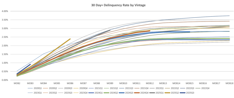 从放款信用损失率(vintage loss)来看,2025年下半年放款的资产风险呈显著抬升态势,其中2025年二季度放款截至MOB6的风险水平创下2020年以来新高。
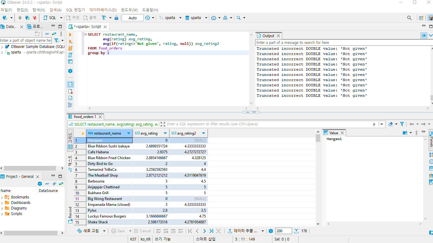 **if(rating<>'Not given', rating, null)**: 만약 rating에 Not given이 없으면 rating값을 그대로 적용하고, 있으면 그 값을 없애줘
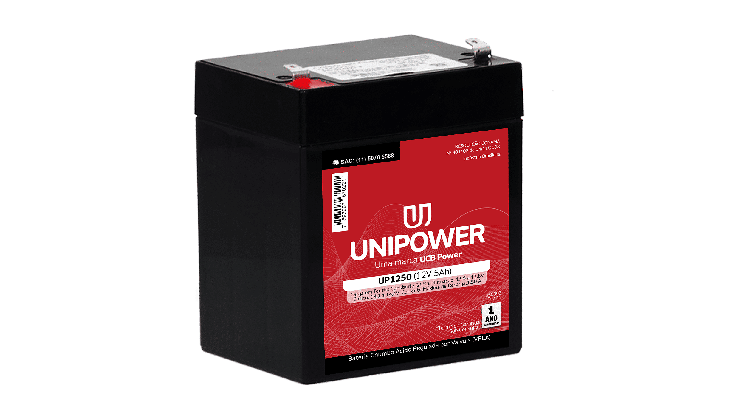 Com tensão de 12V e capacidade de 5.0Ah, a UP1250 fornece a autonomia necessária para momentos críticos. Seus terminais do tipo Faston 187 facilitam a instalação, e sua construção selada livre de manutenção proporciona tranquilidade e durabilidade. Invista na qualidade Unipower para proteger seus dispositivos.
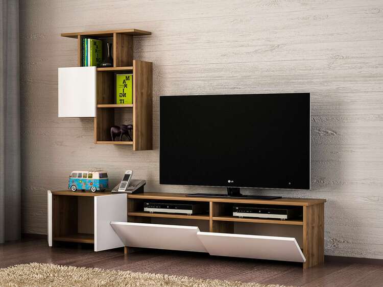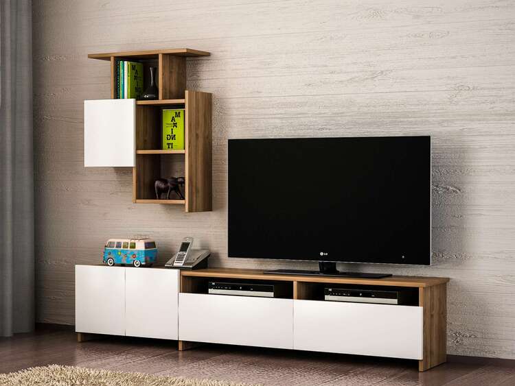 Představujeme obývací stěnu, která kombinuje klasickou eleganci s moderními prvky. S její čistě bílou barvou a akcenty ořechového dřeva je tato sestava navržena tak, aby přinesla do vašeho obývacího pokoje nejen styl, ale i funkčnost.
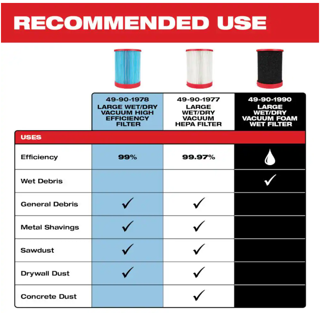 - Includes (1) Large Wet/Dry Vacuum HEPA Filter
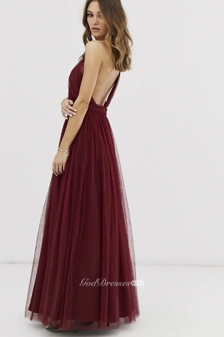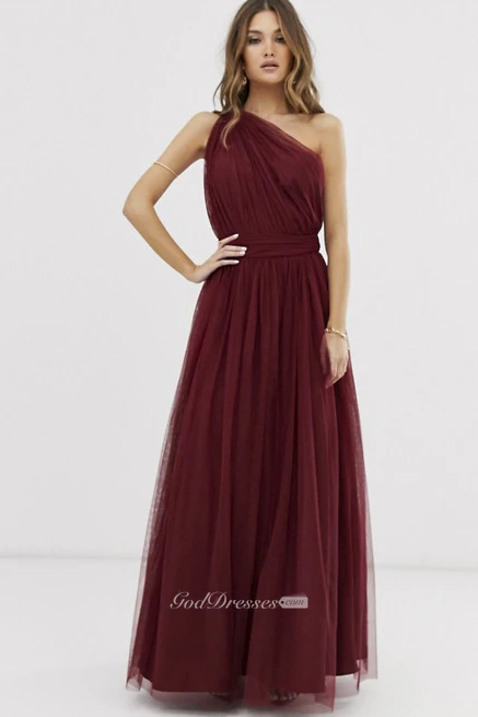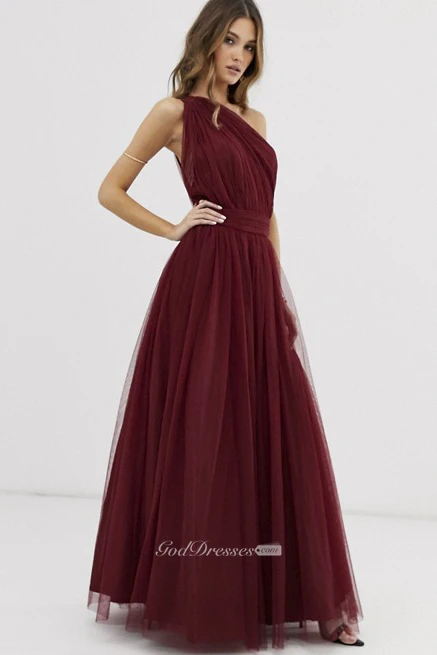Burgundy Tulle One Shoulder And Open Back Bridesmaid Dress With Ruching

# # #

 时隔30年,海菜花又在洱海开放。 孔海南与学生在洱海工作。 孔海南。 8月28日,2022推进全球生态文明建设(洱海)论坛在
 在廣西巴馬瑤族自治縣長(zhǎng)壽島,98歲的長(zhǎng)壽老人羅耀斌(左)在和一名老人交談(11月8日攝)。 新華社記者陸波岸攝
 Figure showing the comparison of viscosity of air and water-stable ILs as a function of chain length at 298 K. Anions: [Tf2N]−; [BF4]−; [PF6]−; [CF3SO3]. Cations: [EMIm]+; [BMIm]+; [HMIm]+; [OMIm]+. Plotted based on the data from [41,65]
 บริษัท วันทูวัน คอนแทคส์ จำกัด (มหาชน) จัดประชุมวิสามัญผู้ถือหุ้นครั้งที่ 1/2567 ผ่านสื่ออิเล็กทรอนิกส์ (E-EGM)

# # #

- What you are asked to do -
Beginning with the line above that has "Představujeme obývací stěnu, která" and going on through the line that has "Burgundy Tulle One", retype every line exactly and add nothing else; drop the pictures.

- Solution to this task -
 Představujeme obývací stěnu, která kombinuje klasickou eleganci s moderními prvky. S její čistě bílou barvou a akcenty ořechového dřeva je tato sestava navržena tak, aby přinesla do vašeho obývacího pokoje nejen styl, ale i funkčnost.
 - Includes (1) Large Wet/Dry Vacuum HEPA Filter
Burgundy Tulle One Shoulder And Open Back Bridesmaid Dress With Ruching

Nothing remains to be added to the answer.